START DATA FOR THIS TASK

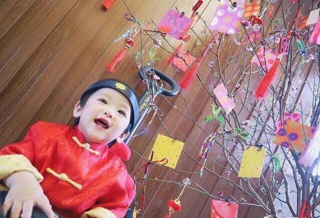 2019年出生的小Rafa真的太可爱了,萌萌的小脸蛋,穿着“唐装”牙齿还没有长几颗,大大的眼睛真的太出色了,小宝贝身后的树上挂满了新年特色的挂件,看上去就就很温馨。
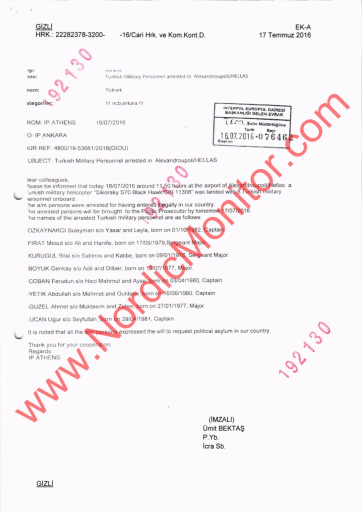 Υπενθυμίζεται η ιστοσελίδα Nordic Monitor, έδωσε στη δημοσιότητα απόρρητα έγγραφα σύμφωνα με τα οποία οι Τούρκοι ετοίμαζαν στρατιωτική επιχείρηση για να πάρουν πίσω του «8» αξιωματικούς που είχαν φτάσει στην Ελλάδα με ελικόπτερο, μια μέρα μετά την απόπειρα πραξικοπήματος στην Τουρκία στις 15 Ιουλίου 2016.
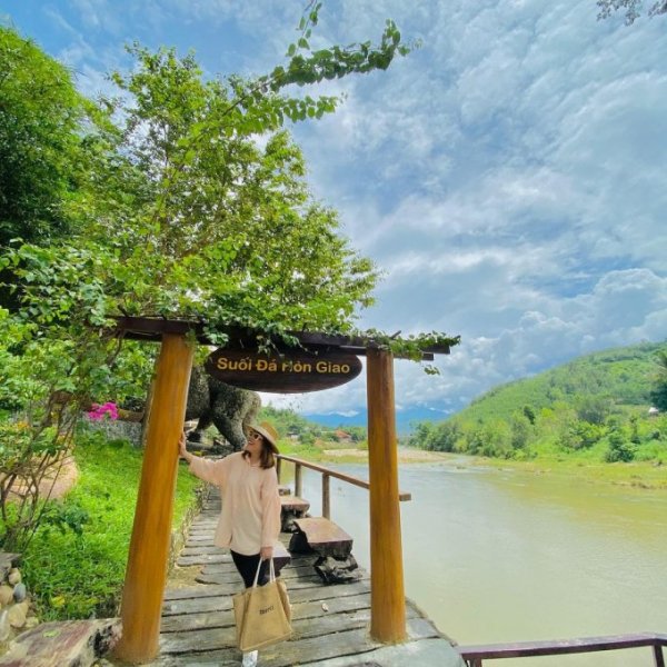 Vốn là miền núi hoang sơ, nhưng giờ đây Suối Đá Hòn Giao thu hút giới trẻ tìm đến đây bởi không gian yên tĩnh, một bầu không khí trong lành. Nơi đây trông như một bức tranh kỳ vĩ của thiên nhiên. Núi rừng, sông nước đan xen nét đẹp mộc mạc của những người dân tộc thiểu số.
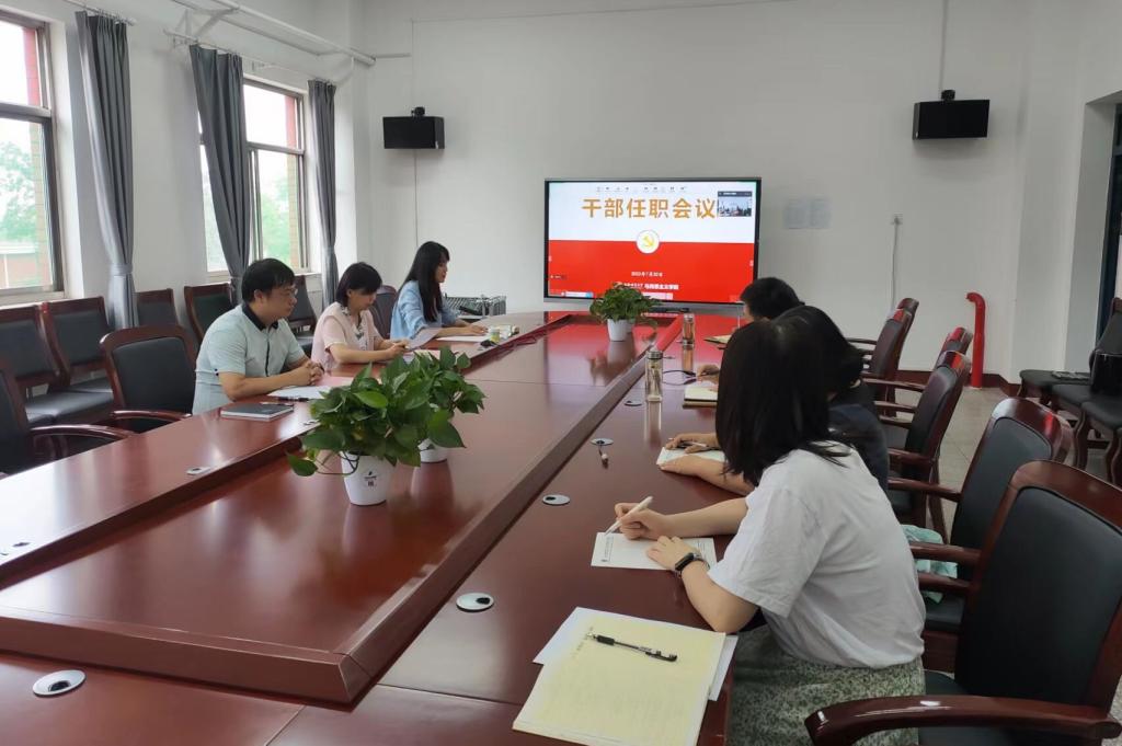 于南区1号楼506会议室召开干部任职会议,线上线下同步进行。组织部副部长李企婷出席会议,全体教职工参加会议。会议由院党委书记乔瑞主持。
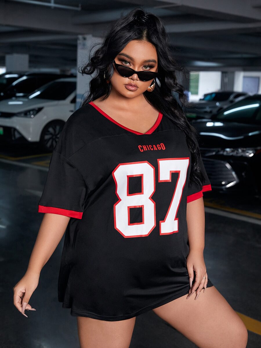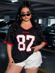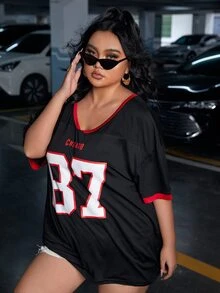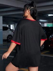 Plus Letter Graphic Contrast Trim Drop Shoulder Tee
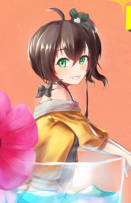 2万人おめでとうございます🌽🍵 たまにはポニーテールも…いいよね! #絵フブキ #すこん部
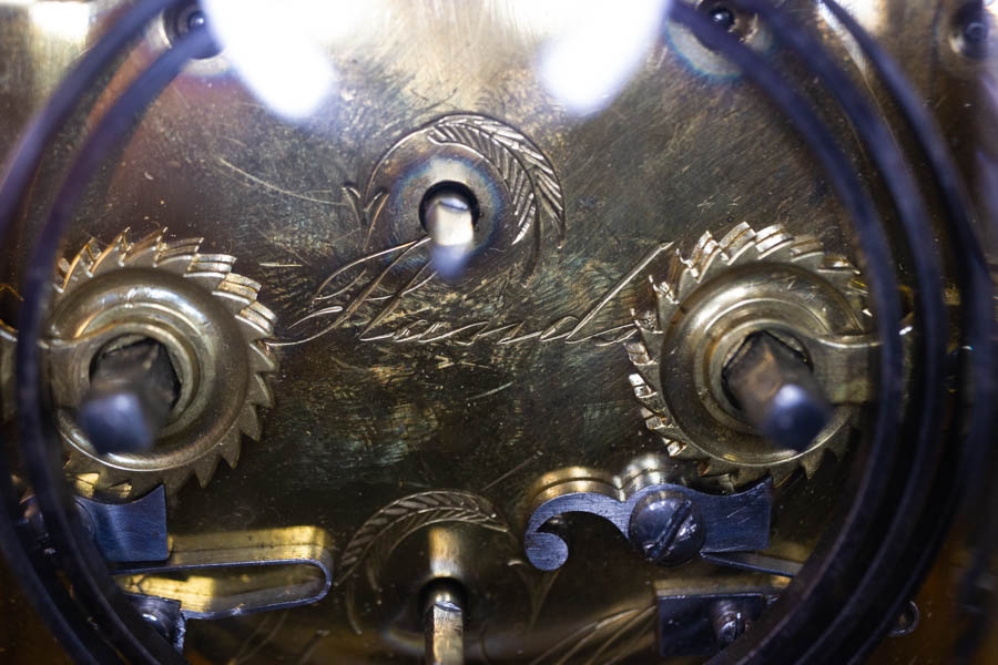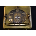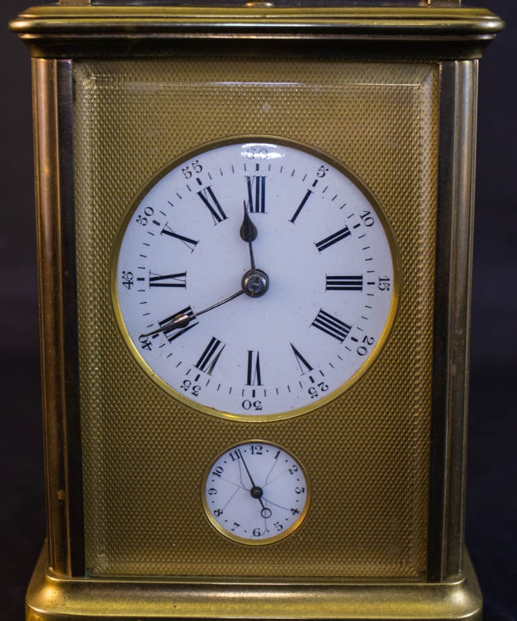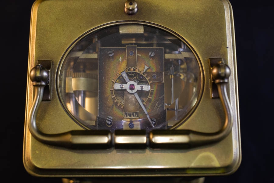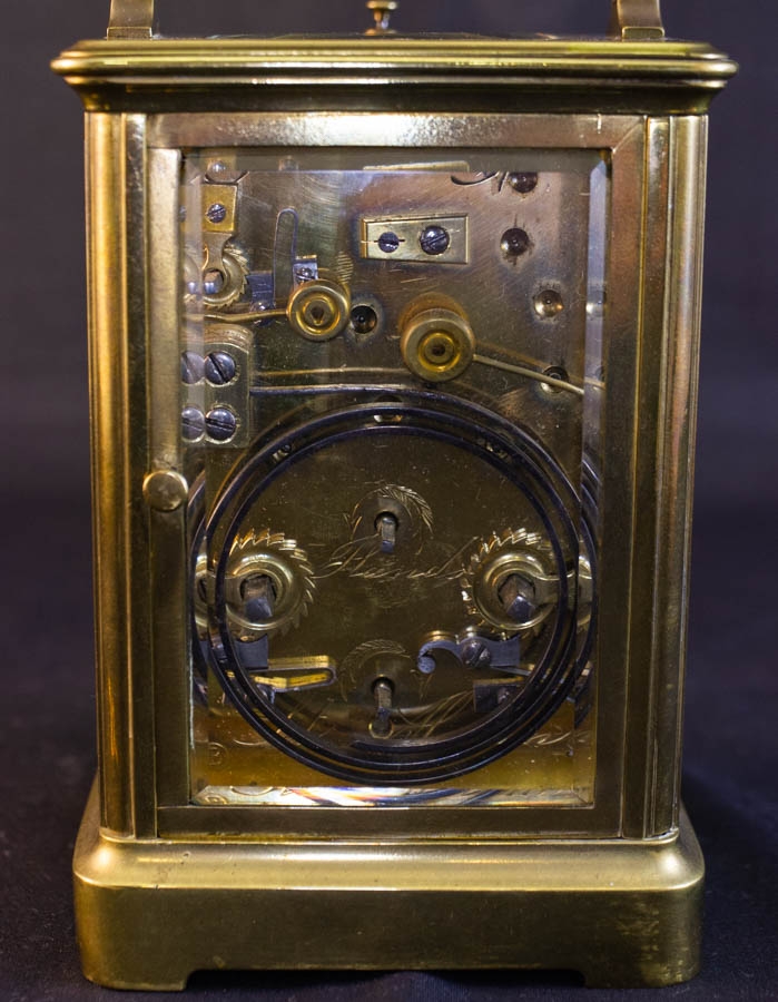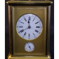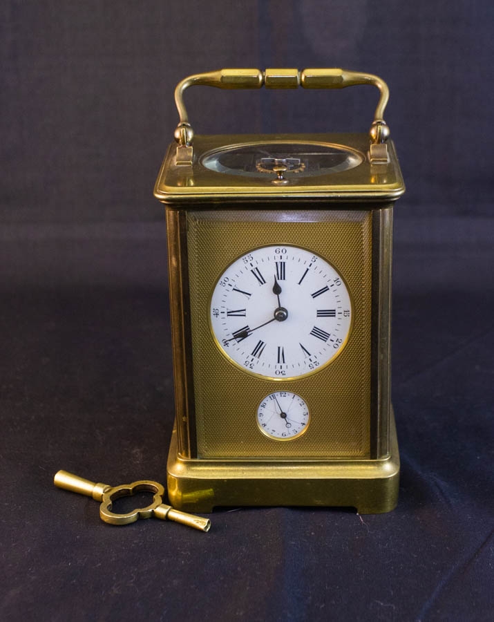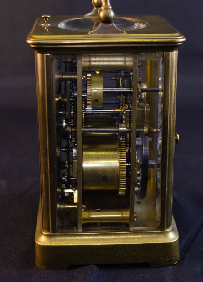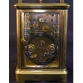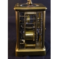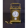 BRASS STRIKING CARRIAGE CLOCK + KEY. 9CM X 8CM X 17CM HIGH

END DATA FOR THIS TASK

TASK PROMPT: Only the records are wanted, copied exactly, with the pictures dropped.

TASK RESULT:
 2019年出生的小Rafa真的太可爱了,萌萌的小脸蛋,穿着“唐装”牙齿还没有长几颗,大大的眼睛真的太出色了,小宝贝身后的树上挂满了新年特色的挂件,看上去就就很温馨。
 Υπενθυμίζεται η ιστοσελίδα Nordic Monitor, έδωσε στη δημοσιότητα απόρρητα έγγραφα σύμφωνα με τα οποία οι Τούρκοι ετοίμαζαν στρατιωτική επιχείρηση για να πάρουν πίσω του «8» αξιωματικούς που είχαν φτάσει στην Ελλάδα με ελικόπτερο, μια μέρα μετά την απόπειρα πραξικοπήματος στην Τουρκία στις 15 Ιουλίου 2016.
 Vốn là miền núi hoang sơ, nhưng giờ đây Suối Đá Hòn Giao thu hút giới trẻ tìm đến đây bởi không gian yên tĩnh, một bầu không khí trong lành. Nơi đây trông như một bức tranh kỳ vĩ của thiên nhiên. Núi rừng, sông nước đan xen nét đẹp mộc mạc của những người dân tộc thiểu số.
 于南区1号楼506会议室召开干部任职会议,线上线下同步进行。组织部副部长李企婷出席会议,全体教职工参加会议。会议由院党委书记乔瑞主持。
 Plus Letter Graphic Contrast Trim Drop Shoulder Tee
 2万人おめでとうございます🌽🍵 たまにはポニーテールも…いいよね! #絵フブキ #すこん部
 BRASS STRIKING CARRIAGE CLOCK + KEY. 9CM X 8CM X 17CM HIGH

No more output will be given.